Last updated: 2026-07-06
Am I Paying Too Much Rent in the Netherlands? Free Check
Quite possibly, yes. In the Netherlands, most homes scoring up to 186 points on the official points system have a legal maximum rent — €932.93 a month at 143 points, €1,228.07 at 186 points in 2026. Plenty of apartments marketed to internationals are priced above what the rules allow, because landlords bet that newcomers won't check. This 60-second estimate tells you where your home roughly lands, so you know whether it's worth running the full official check.
Check your rent
Answer a few questions about your home and we'll estimate whether your rent is within the legal maximum under the 2026 rules. It takes about a minute.
A few things this estimate does not cover
- This is an estimate, not a legal determination. The WWS points system depends on details we can only approximate.
- New-build homes (recently completed and let for the first time) may charge up to 10% above the maximum for a limited period — this tool does not apply that exception.
- Listed monuments (rijksmonument) can earn extra points that we do not fully account for.
- Only the Huurcommissie’s official check is definitive. If the numbers matter, use it — and if you challenge your rent and win, the €25 fee is refunded.
How this works
The checker uses a simplified version of the woningwaarderingsstelsel (WWS) — the Dutch housing valuation system. It scores your home on the things that matter most: surface area, energy label, WOZ value and a few amenities. That score maps to one of three segments: social (up to 143 points), mid-rent (144–186 points, for contracts signed on or after 1 July 2024) and free sector (187+ points). For the first two, there's a legal cap; for the free sector, there isn't.
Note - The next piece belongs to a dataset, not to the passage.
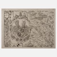links fast die gesamte Bildhälfte einnehmendes Wappen von Bayern, Tafel fünf der von Jost Amman geschnittenen "Großen Bayernkarte", Holzschnitt, geschnitten um 1568, schöner sauberer Druck, minimal fleckig, unter Passepartout und hinter Glas gerahmt, Darstellungsmaße ca. 31 x 42 cm. Info: eigentlich Bienewitz oder Bennewitz, dt. Arzt, Kartograph, Mathematiker und Heraldiker (1531 Ingolstadt bis 1589 Tübingen), Sohn des Peter Apian, bereits mit sieben Jahren gemeinsamer Unterricht mit Prinz Albrecht von Bayern (Albrecht Herzog V. von Bayern), mit elf Jahren Mathematikstudium an der Universität Ingolstadt, mit achtzehn Jahren Fortsetzung seines Studium in Burgund, Bourges und Paris, 1552 Rückkehr nach Ingolstadt und Übernahme der Druckerei des Vaters sowie Ernennung zum Professor für Mathematik und Astronomie an der Universität Ingolstadt, parallel zur Lehrtätigkeit Besuch von Vorlesungen an der medizinischen Fakultät, 1554 erteilte ihm Herzog Albrecht V. von Bayern den Auftrag zur Erstellung einer Bayernkarte, 1563 wurde die Karte von 6 x 6 Metern fertiggestellt, ab 1566 gab Apian 24 von Jost Amman in Holz geschnittene Bayernkarten heraus, die sogenannten Bairischen Landtafeln, da er Protestant war, musste er im Zuge der Gegenreformation Ingolstadt 1569 verlassen und ging nach Tübingen, hier lehrte er bis 1583, Quelle: Thieme-Becker und Wikipedia.

Because it's simplified, treat the result as a signal, not a verdict. If it suggests you're overpaying, confirm with the official tools. The Rijksoverheid maximum-rent explainer covers the rules in plain terms, and the huurcommissie's official Rent Check (in English) does the real calculation. For a full points count, use their detailed self-contained check. If you'd rather have a person walk you through it, !WOON gives free tenant advice in English in Amsterdam.
What this doesn't cover
- Rooms with shared facilities — always regulated, but under a separate points table this checker doesn't handle. Use the huurcommissie's room check.
- New-builds delivered after 1 July 2024, which may legally charge up to 10% over the WWS maximum.
- Monuments, which don't get penalised for a poor energy label.
If the estimate says you may be overpaying, the next step is to lower your rent through the huurcommissie. And if it's a rent increase you're worried about, see the 2026 maximum rent increases.
Frequently Asked Questions
How do I know if my rent is too high in the Netherlands?
Your home gets a points score (size, energy label, WOZ value, amenities). Up to 186 points there is a legal maximum rent — in 2026, €932.93 at 143 points and €1,228.07 at 186 points. If you pay more than the maximum for your points, your rent may be too high. This page's checker gives you an estimate in about a minute.
What is the WWS points system?
The woningwaarderingsstelsel (WWS) is the Dutch housing valuation system. It scores your home on surface area, WOZ value, energy label, kitchen, bathroom and outdoor space. The score determines whether your rent is regulated and what the legal maximum is.
Does the maximum rent apply to my contract?
It depends on your points and your contract date. Contracts signed on or after 1 July 2024: regulated up to 186 points. Older contracts: the points rules can only lower your rent if the home scores 143 points or fewer. Homes scoring 187+ points are free sector — no maximum applies.
My apartment is in the free sector. Do I have any protection?
Yes. In 2026 free-sector rent increases are capped at 4.4% per year, increases are allowed at most once per 12 months, and service costs must reflect real costs. You can challenge an excessive increase at the huurcommissie up to 4 months after it takes effect.
What if I rent a room with shared facilities?
Rooms are always rent-regulated, under a separate points table. This checker only covers self-contained homes — use the huurcommissie's official room check instead (linked below the checker).
Is this checker official?
No — it is a simplified estimate of the official calculation, built to tell you in a minute whether the full check is worth your time. The huurcommissie's official Rent Check (available in English) is the authoritative version.